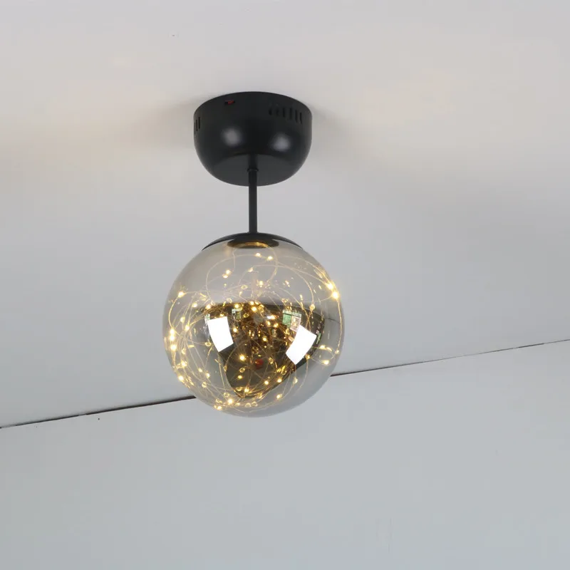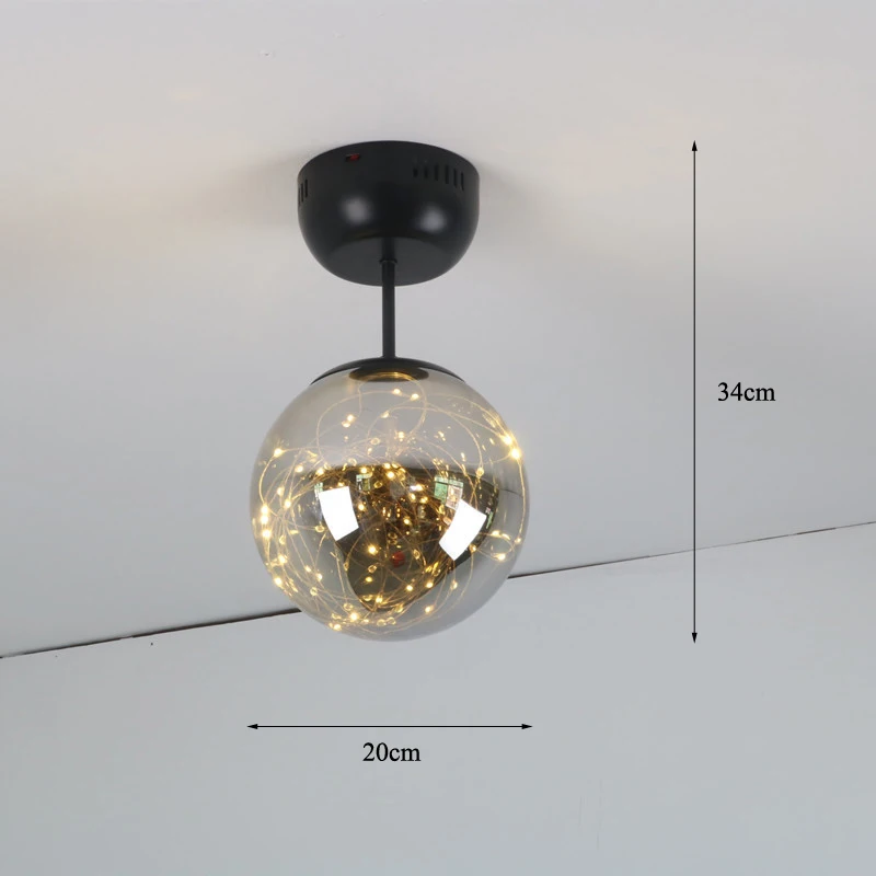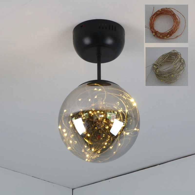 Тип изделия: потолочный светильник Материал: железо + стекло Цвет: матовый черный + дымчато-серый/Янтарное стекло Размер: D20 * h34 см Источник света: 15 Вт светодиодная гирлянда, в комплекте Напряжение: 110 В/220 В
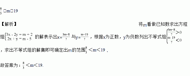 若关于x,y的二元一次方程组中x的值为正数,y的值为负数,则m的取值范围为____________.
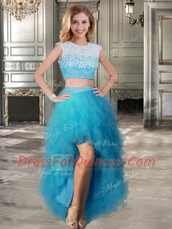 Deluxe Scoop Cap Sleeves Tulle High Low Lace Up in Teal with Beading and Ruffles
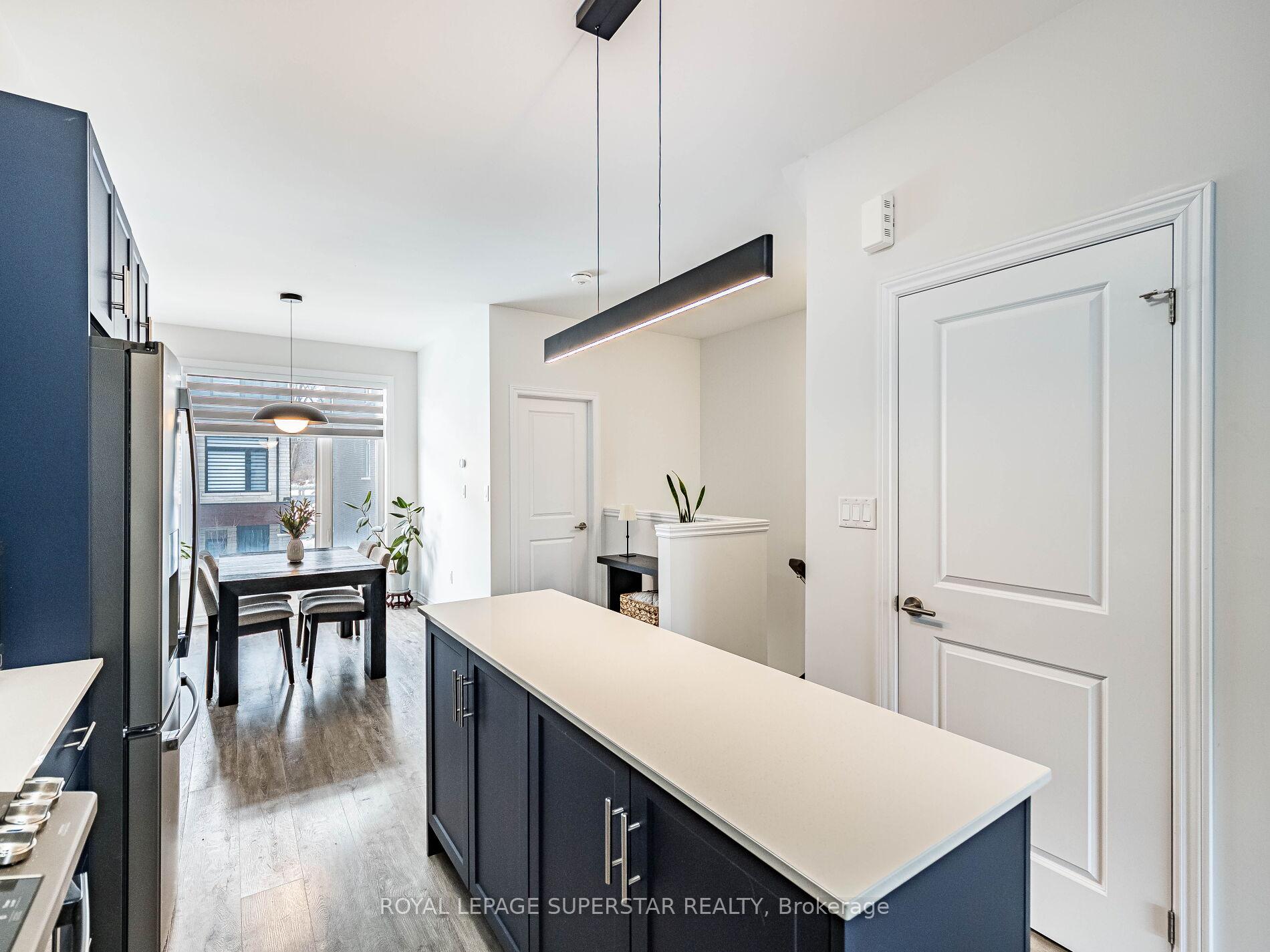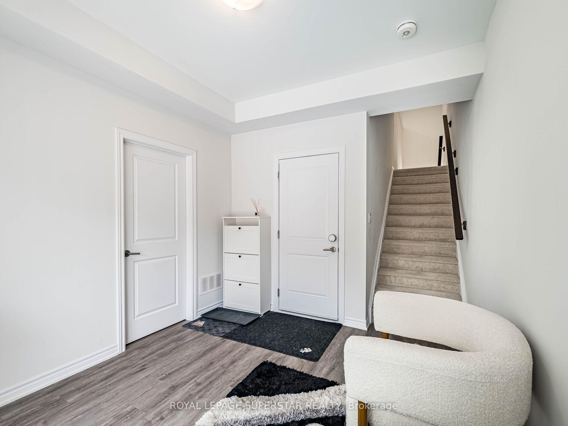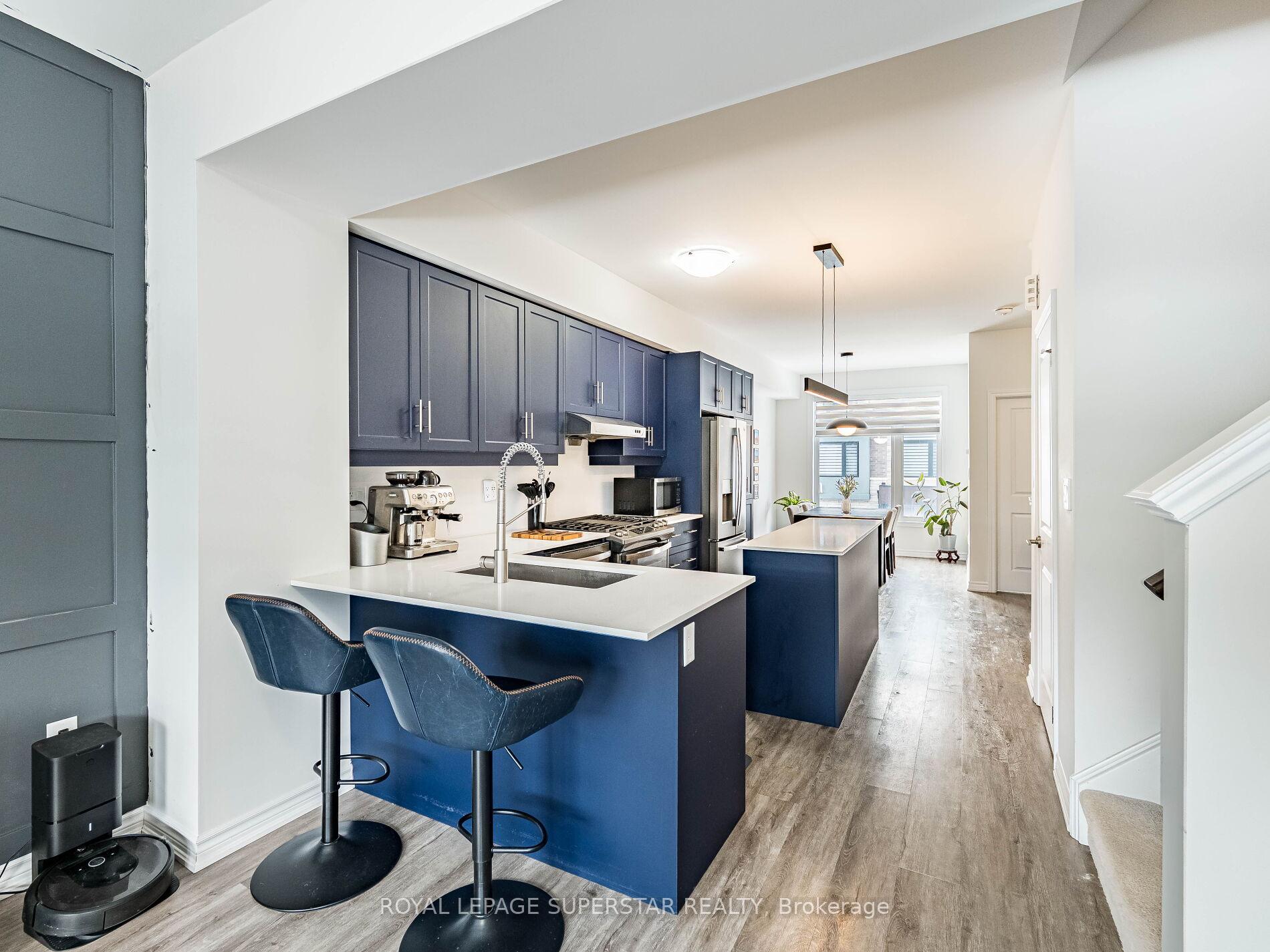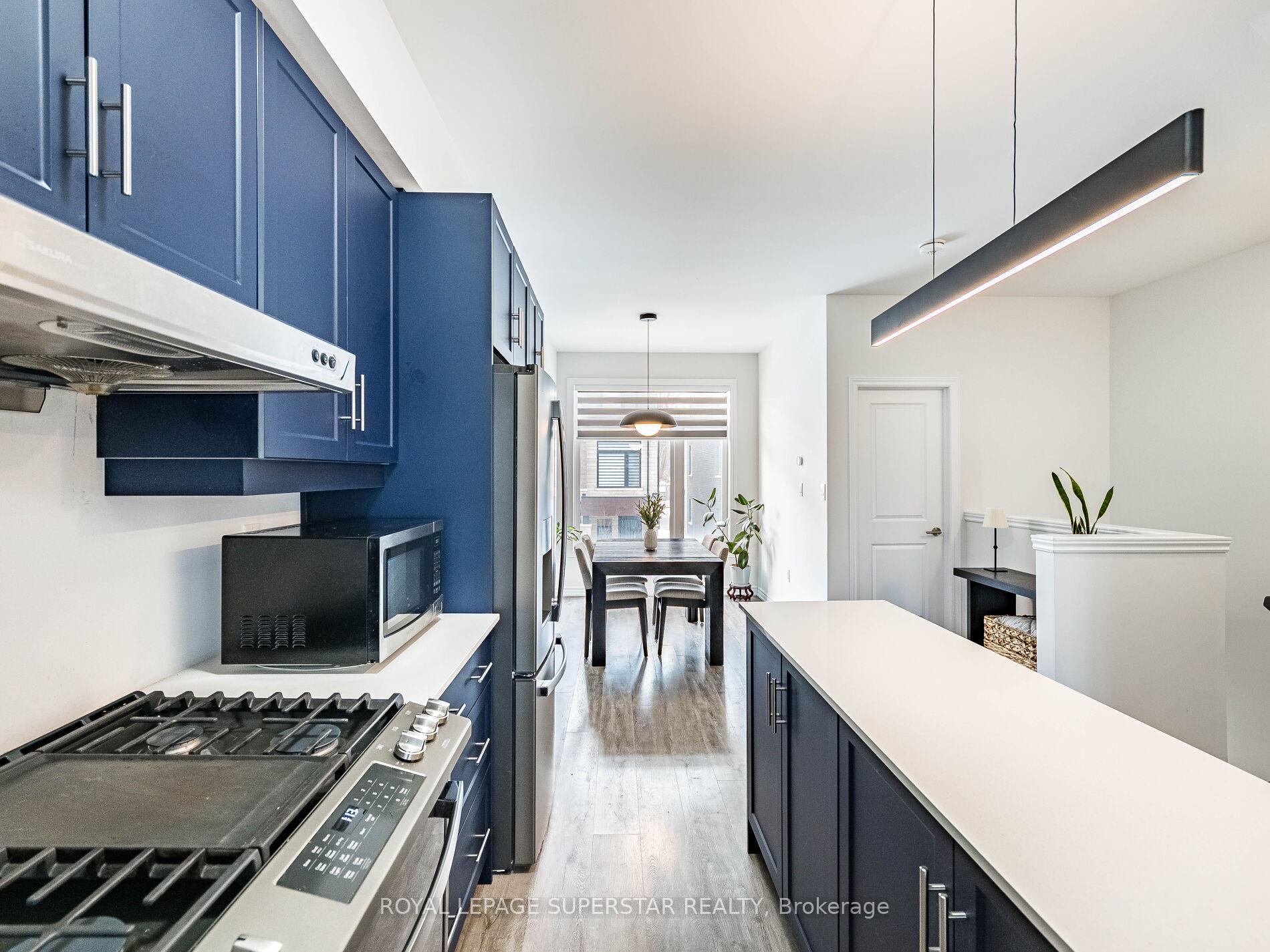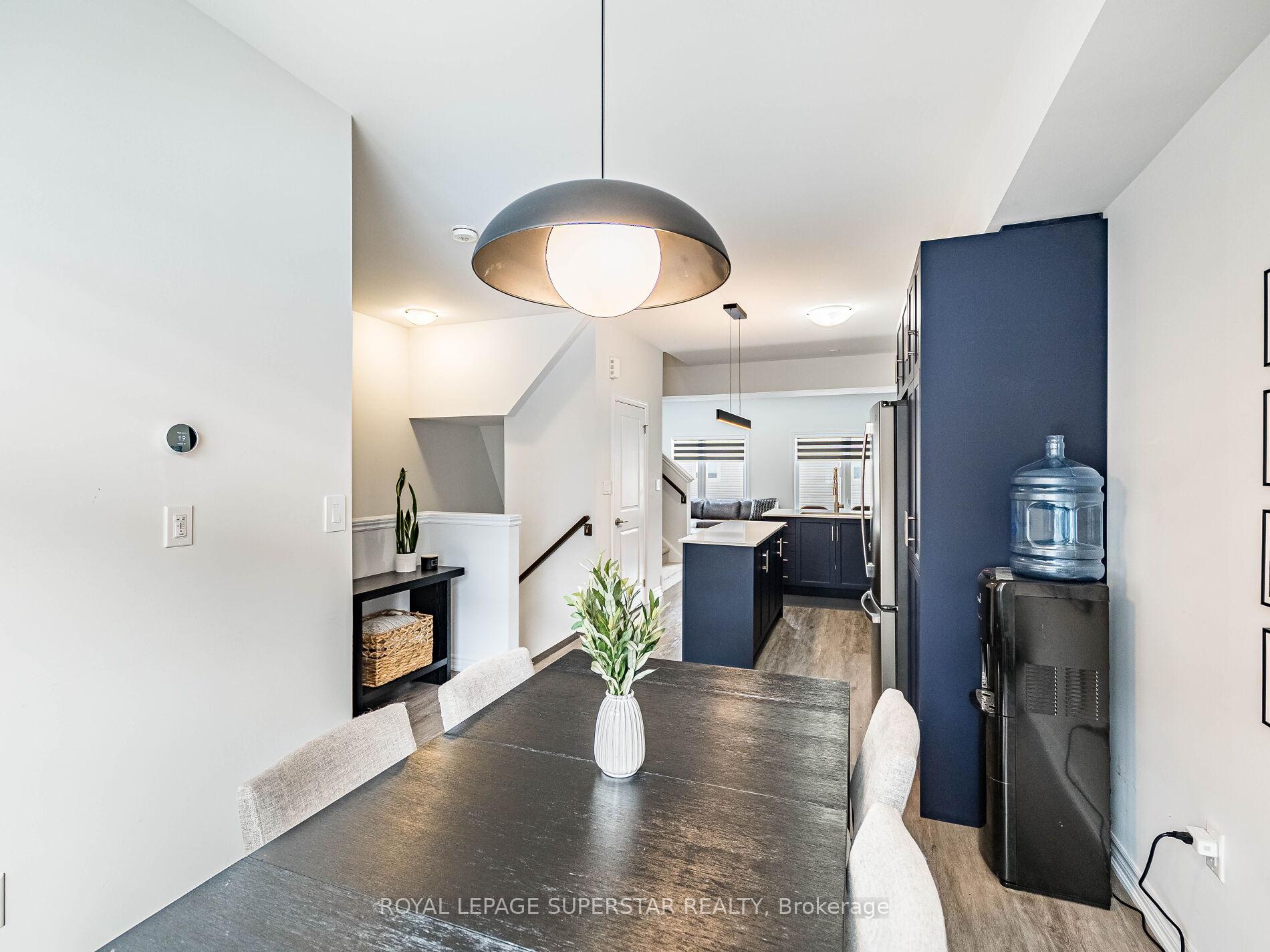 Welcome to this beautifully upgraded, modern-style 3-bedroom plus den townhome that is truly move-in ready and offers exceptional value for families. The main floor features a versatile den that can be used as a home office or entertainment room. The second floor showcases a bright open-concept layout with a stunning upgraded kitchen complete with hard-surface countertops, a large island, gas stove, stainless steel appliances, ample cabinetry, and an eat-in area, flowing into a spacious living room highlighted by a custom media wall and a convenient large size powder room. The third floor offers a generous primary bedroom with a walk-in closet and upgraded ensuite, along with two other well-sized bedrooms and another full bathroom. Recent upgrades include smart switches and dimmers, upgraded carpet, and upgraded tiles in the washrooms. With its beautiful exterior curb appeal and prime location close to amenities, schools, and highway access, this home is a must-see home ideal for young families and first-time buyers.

:::::

A word-for-word copy of the data, without its pictures, is what is needed.

▸ WRITTEN REPLY
 Тип изделия: потолочный светильник Материал: железо + стекло Цвет: матовый черный + дымчато-серый/Янтарное стекло Размер: D20 * h34 см Источник света: 15 Вт светодиодная гирлянда, в комплекте Напряжение: 110 В/220 В
 若关于x,y的二元一次方程组中x的值为正数,y的值为负数,则m的取值范围为____________.
 Deluxe Scoop Cap Sleeves Tulle High Low Lace Up in Teal with Beading and Ruffles
 Welcome to this beautifully upgraded, modern-style 3-bedroom plus den townhome that is truly move-in ready and offers exceptional value for families. The main floor features a versatile den that can be used as a home office or entertainment room. The second floor showcases a bright open-concept layout with a stunning upgraded kitchen complete with hard-surface countertops, a large island, gas stove, stainless steel appliances, ample cabinetry, and an eat-in area, flowing into a spacious living room highlighted by a custom media wall and a convenient large size powder room. The third floor offers a generous primary bedroom with a walk-in closet and upgraded ensuite, along with two other well-sized bedrooms and another full bathroom. Recent upgrades include smart switches and dimmers, upgraded carpet, and upgraded tiles in the washrooms. With its beautiful exterior curb appeal and prime location close to amenities, schools, and highway access, this home is a must-see home ideal for young families and first-time buyers.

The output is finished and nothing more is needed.